What the task asks: Every line below must be copied as written, except for pictures.

══ Source material ══

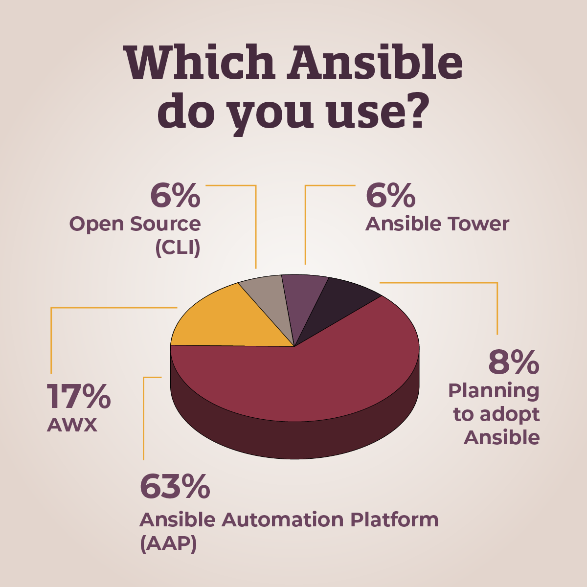 With 63% of users already using Ansible Automation Platform, it’s clear that teams are prioritizing scalable, enterprise-grade solutions for managing increasingly complex environments. At the same time, 53% of respondents said that security and compliance are top priorities when automating Ansible Playbooks—showing a strong push toward automation that is not only efficient, but also secure and reliable.
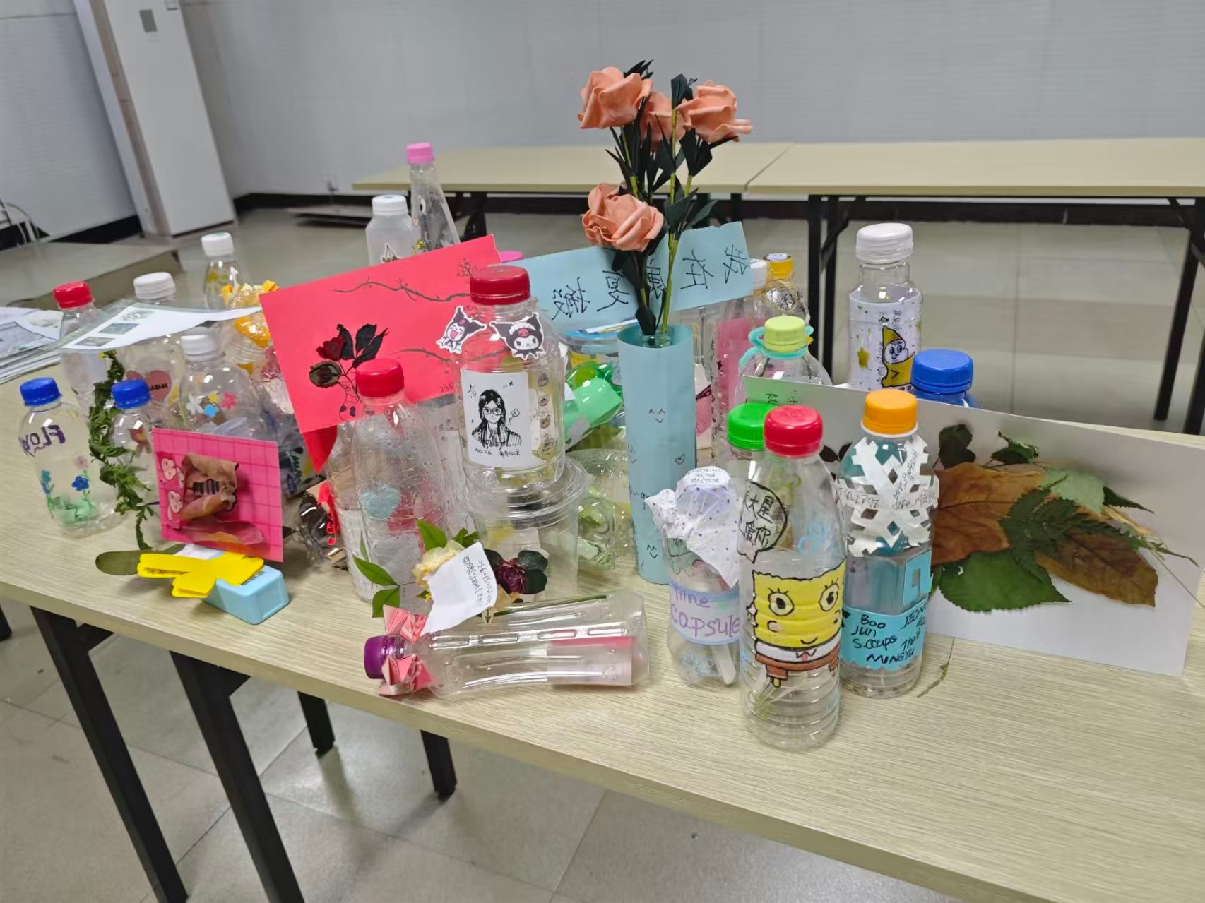 活动设置两大创作任务,参与者可灵活选择:活动一为制作时光胶囊瓶:用废塑料瓶封存手写的学业目标与心情感悟,瓶身手绘或粘贴装饰,让闲置容器成为"青春记忆储蓄罐";或用周边掉落的树叶、花朵DIY明信片;活动二则需用彩色卡片创作主题不限的剪纸,并粘贴在指定纸张上。所有作品需附200字手写创作感想,同学们在记录中回溯材料收集的惊喜、制作过程的专注与成品诞生的成就感。最终,百余件充满巧思的作品集中陈列于小实训室,废旧材料在创意加持下焕发独特光彩。
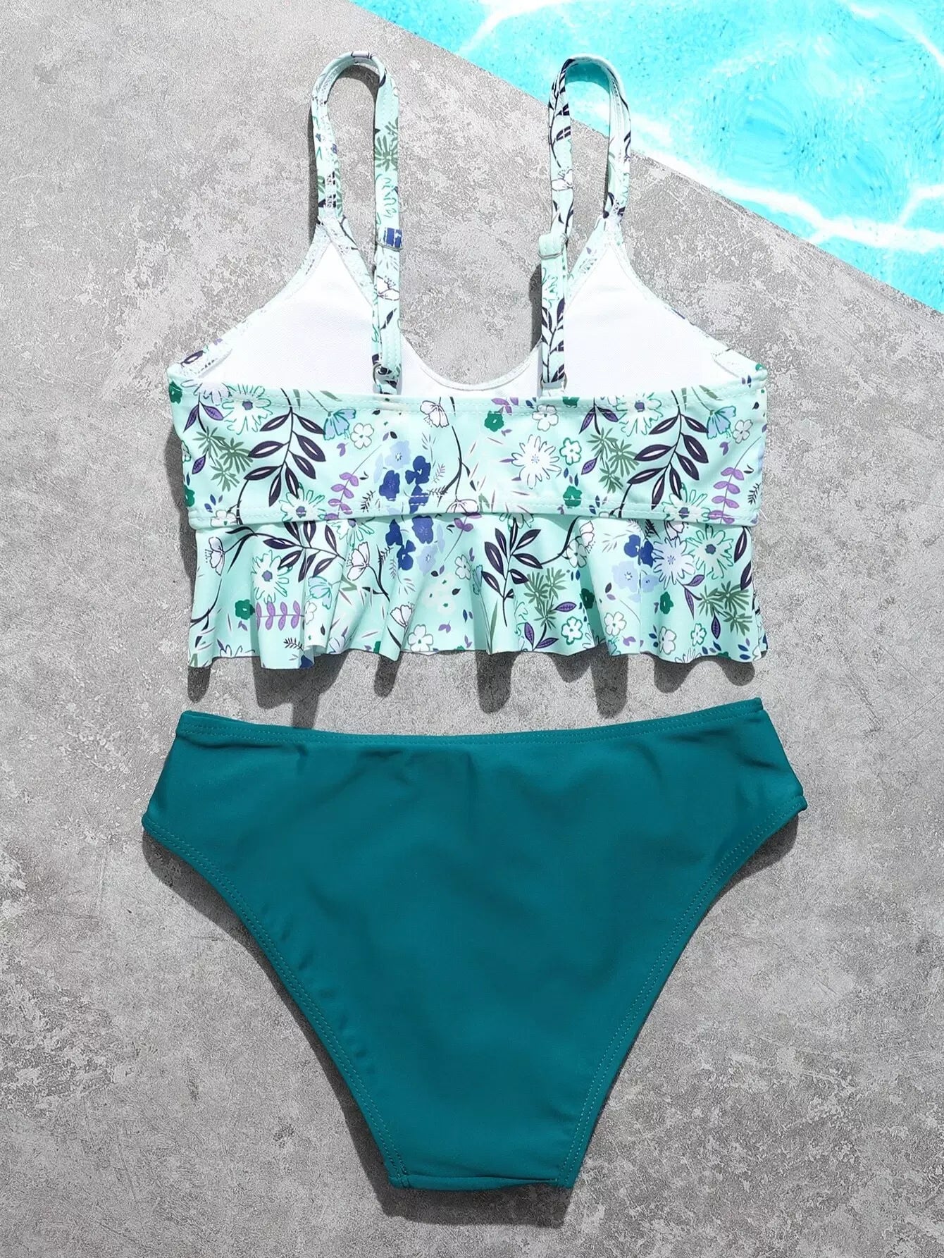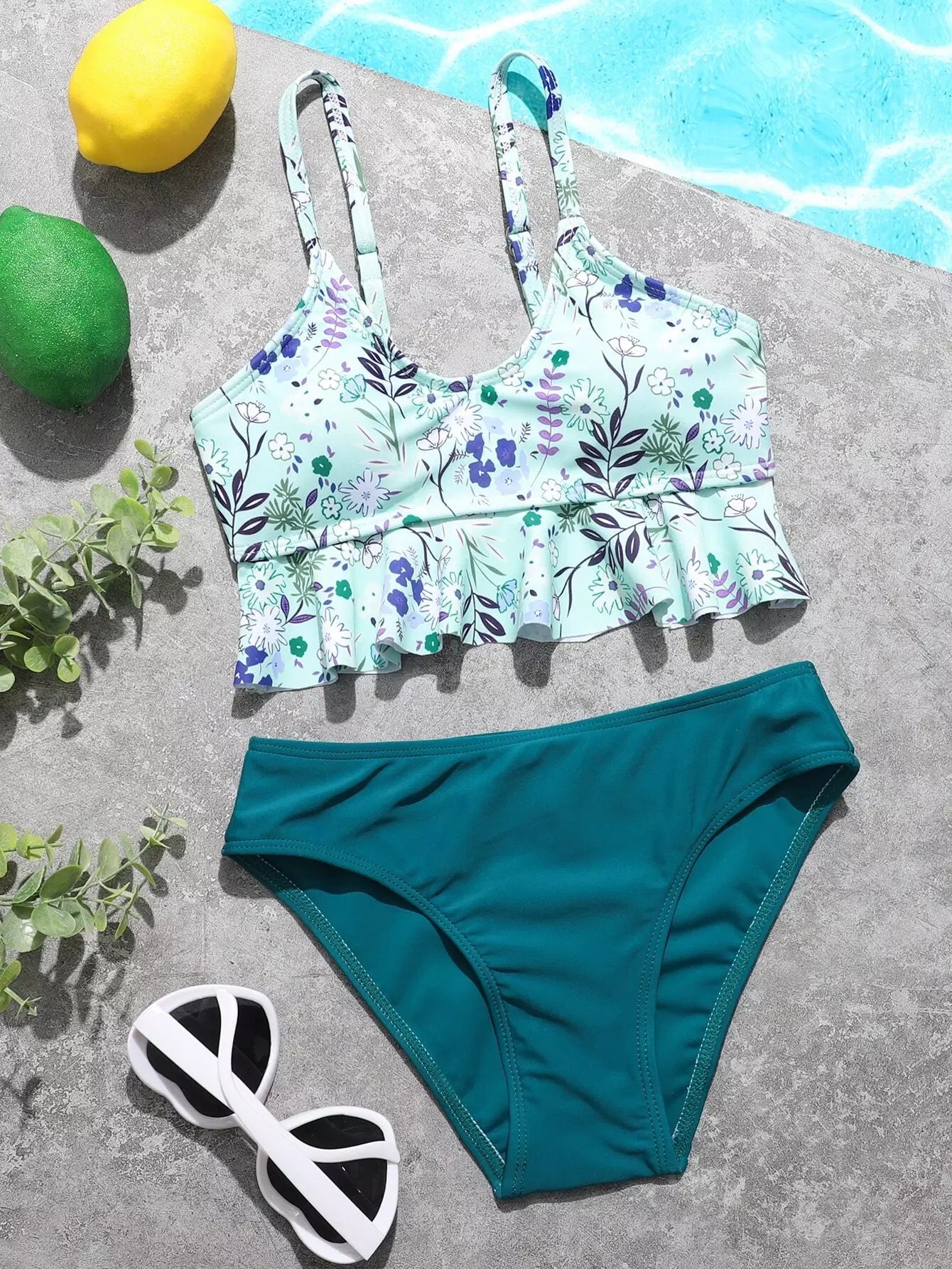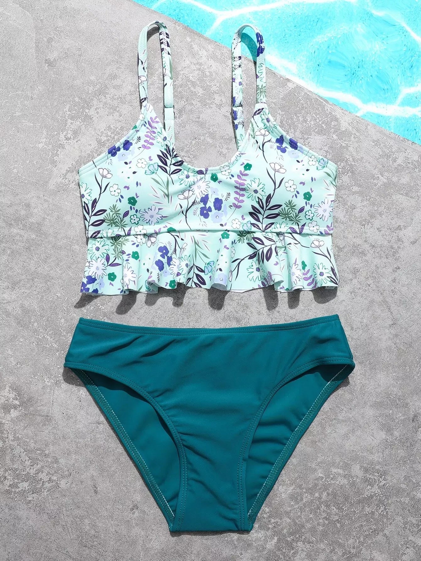 Girls Floral Ruffle Hem Bikini Swimsuit

═══

Result for this exercise:
 With 63% of users already using Ansible Automation Platform, it’s clear that teams are prioritizing scalable, enterprise-grade solutions for managing increasingly complex environments. At the same time, 53% of respondents said that security and compliance are top priorities when automating Ansible Playbooks—showing a strong push toward automation that is not only efficient, but also secure and reliable.
 活动设置两大创作任务,参与者可灵活选择:活动一为制作时光胶囊瓶:用废塑料瓶封存手写的学业目标与心情感悟,瓶身手绘或粘贴装饰,让闲置容器成为"青春记忆储蓄罐";或用周边掉落的树叶、花朵DIY明信片;活动二则需用彩色卡片创作主题不限的剪纸,并粘贴在指定纸张上。所有作品需附200字手写创作感想,同学们在记录中回溯材料收集的惊喜、制作过程的专注与成品诞生的成就感。最终,百余件充满巧思的作品集中陈列于小实训室,废旧材料在创意加持下焕发独特光彩。
 Girls Floral Ruffle Hem Bikini Swimsuit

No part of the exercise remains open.